Бабушка, видишь, я мою в передней пол.
У меня беспорядок, но в общем довольно чисто.
Глажу белье, постелив одеяльце на стол,
И дети мои читают Оливер‑Твиста.
Бабушка, видишь, я разбиваю яйцо,
Не перегрев сковородку, совсем как надо.
В мире, где Хаос дышит сивухой в лицо,
Я надуваю пузырь тишины и уклада.
Бабушка, видишь, я отгоняю безумье и страх,
Я потери несу, отступаю к самому краю:
Рис еще промываю в семи водах,
А вот гречку уже почти не перебираю.
Бабушка, видишь, я в карауле стою
Над молоком, и мерцает непрочная сфера...
Вот отобьемся – приду наконец на могилу твою,
Как к неизвестному воину, бабушка Вера!
Марина Бородицкая.
Из сборника "Я раздеваю солдата"
Я хочу рассказать вам несколько историй о наследстве – полученном и не полученном, но одинаково важном. О том, что можно найти в "бабушкином сундуке", куда до нас и даже до нее складывались невидимые части наследства "по женской линии", ненаписанной и невостребованной женской истории. Если вы вообще читаете эту книжку, вряд ли возникнет вопрос о том, зачем туда заглядывать. Кларисса Пинкола Эстес называет это "собиранием костей" и рассказывает восхитительную и ужасающую – именно так, одновременно и только одновременно! – легенду о Костяной Женщине или Волчице, La Loba, собирающей в пустыне и пением оживляющей косточки. Из кажущихся мертвыми и бессмысленными фрагментов – живое и целое:
"Есть старая женщина, обитающая в тайном месте, которое каждая из нас знает в своей душе, но мало кто видел воочию. Как и старухи из сказок Восточной Европы, она дожидается, когда к ней придет сбившийся с пути скиталец или искатель.[...]

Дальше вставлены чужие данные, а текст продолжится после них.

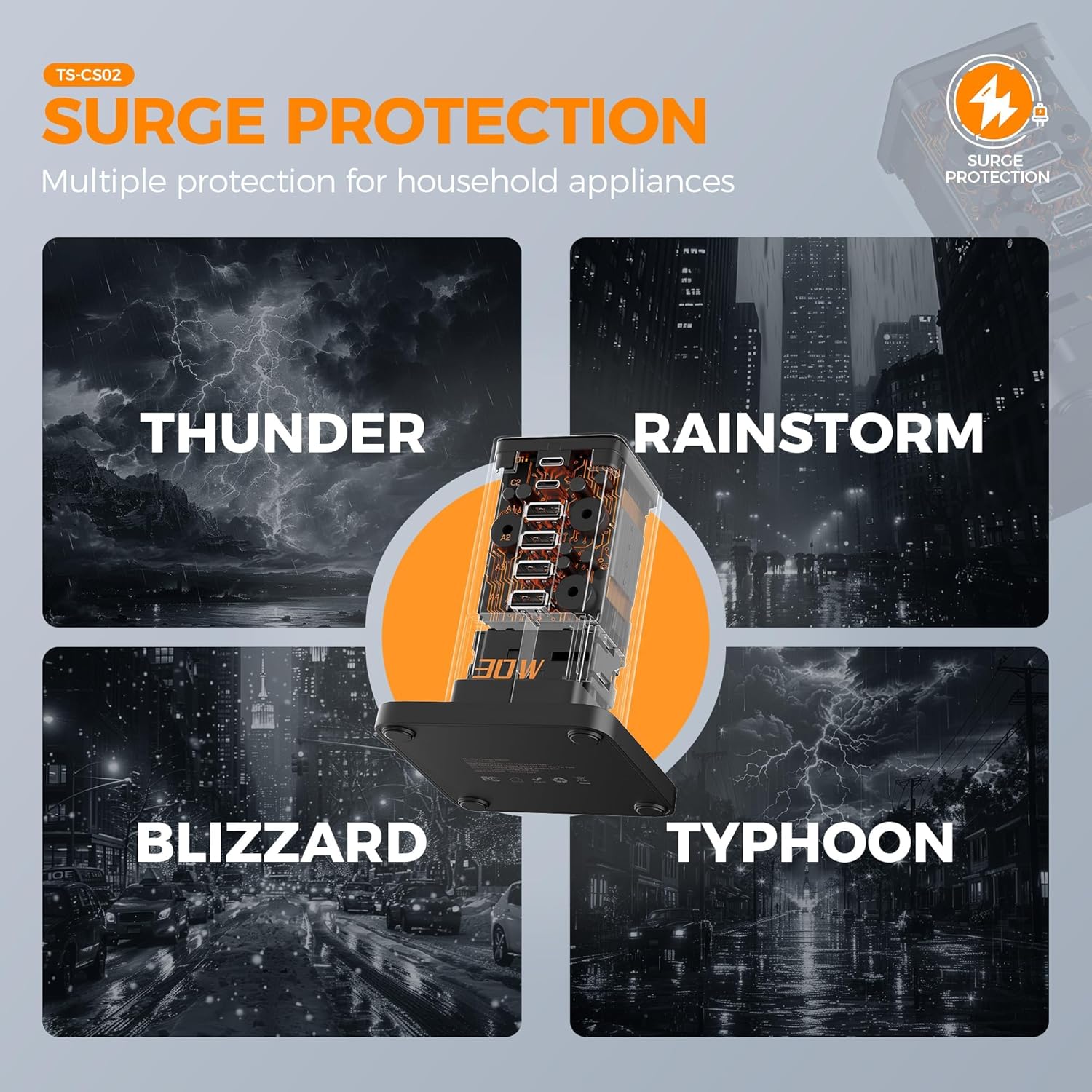 Multi-protection Design: Experience reliable protection for your devices with our surge protector tower power bar , complete with safeguards against over-voltage, over-charge, over-current, and short-circuits. The compact, lightweight Power Station with its USB C charger is perfect for trave
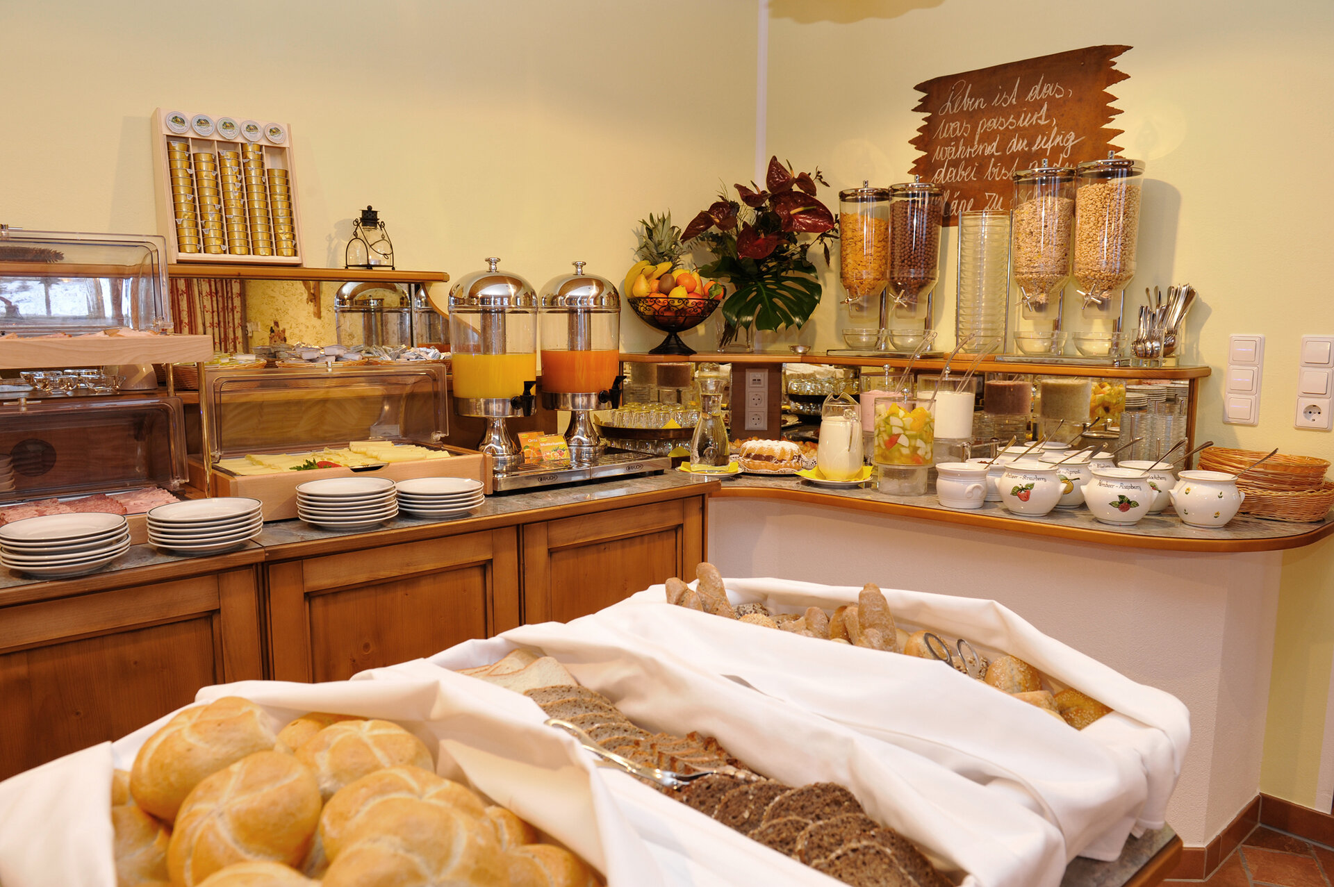 In unserem stilvoll eingerichteten Restaurantbereich verwöhnen wir Ihren Gaumen mit einem umfangreichen Frühstücksbuffet sowie lokalen und internationalen Schmankerl. In der gemütlichen Bar offerieren wir Ihnen ausgesuchte Weine mit Schwerpunkt Österreich, diverse Edelbrände sowie einheimische Spezialitäten.
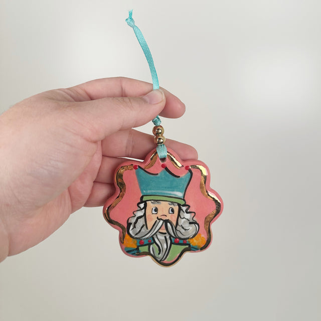Handpainted Pink Scalloped Circle Nutcracker Ornament with 22k Gold | Poppy Chick Studio
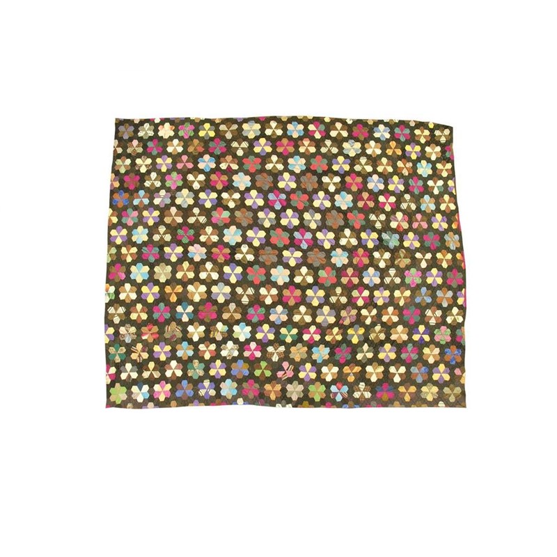 A late Victorian silk patchwork quilt, with allover six petal floret design to a black ground and brown border, c.1880, 97.5 x 93.5in (248 x 238cm).
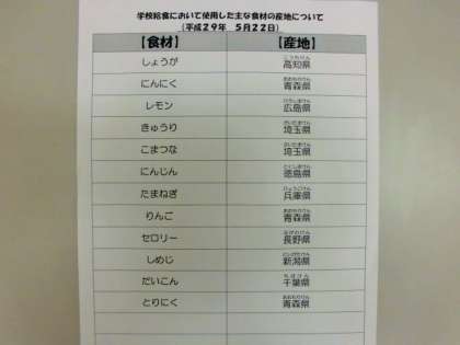 みなさん、今日は5月とは思えないほど気温が高いですね。このような日は体が疲れやすいので、一日元気に過ごせるよう、食事をバランスよく食べましょう。今日の給食は、鶏肉のバーベキューソースです。このソースは、汗をかきやすくする働きのあるしょうがやスタミナをつけてくれるにんにく、筋肉の疲れをとってくれるレモンなどを使っているため、今日のような暑い日にぴったりです。パンには切込みが入っているので野菜とお肉を挟んで食べましょう。
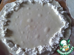 Отступаем 1-1,5 см от краев большого круга и выкладываем по кругу начинку.
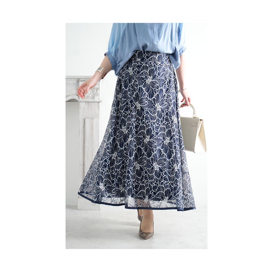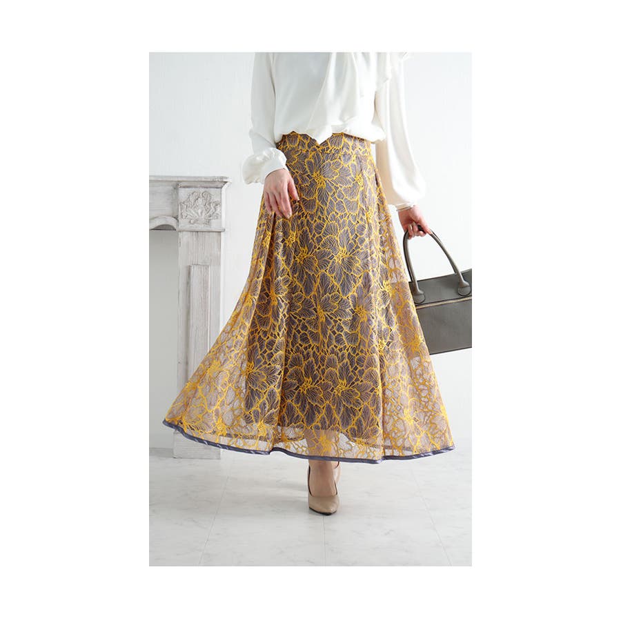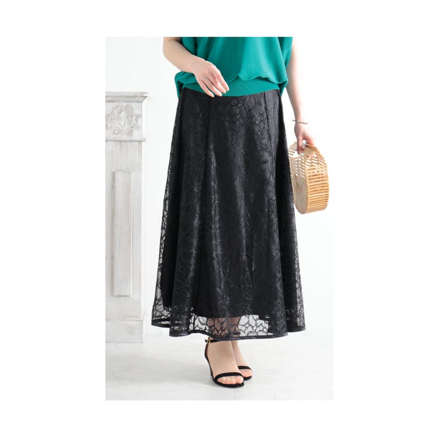 長さを変えて楽しめる花柄レースフレアスカート レディース ファッション
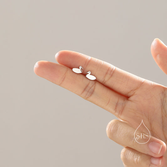 Swimming Duck Stud Earrings in Sterling Silver, Silver or Gold or Rose Gold, Duck Earrings, Bird Earrings, Nature Inspired Animal Earrings
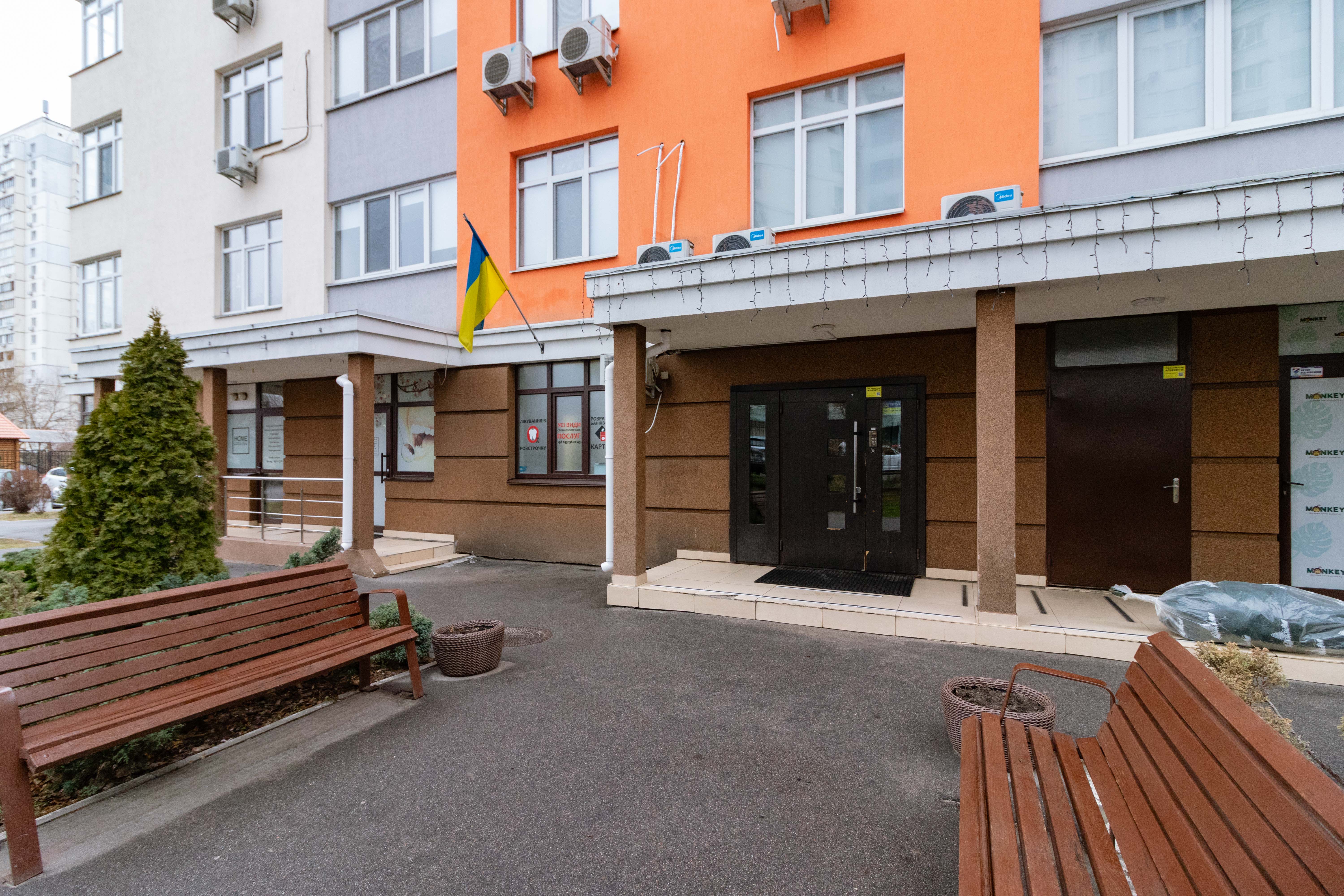 На території є дитячий майданчик, кав”ярня, продуктові магазини, стоматологія, спортивна студія.

Единственная работа La Loba – собирать кости. Она собирает и хранит главным образом то, чему угрожает опасность стать потерянным для мира"*.
"Старухи из сказок Восточной Европы" – это компания Бабы‑яги, которая и сама‑то – Костяная нога, и обращаются к ней поневоле, в трудной и безвыходной ситуации. "Забор из человечьих костей" – граница ее владений, именно при взгляде на них замирает от ужаса Василиса, да и кто бы не испугался? Однако вскорости оказывается, что черепа на заборе находятся не столько для устрашения, сколько для света. Того, за которым приходит Василиса.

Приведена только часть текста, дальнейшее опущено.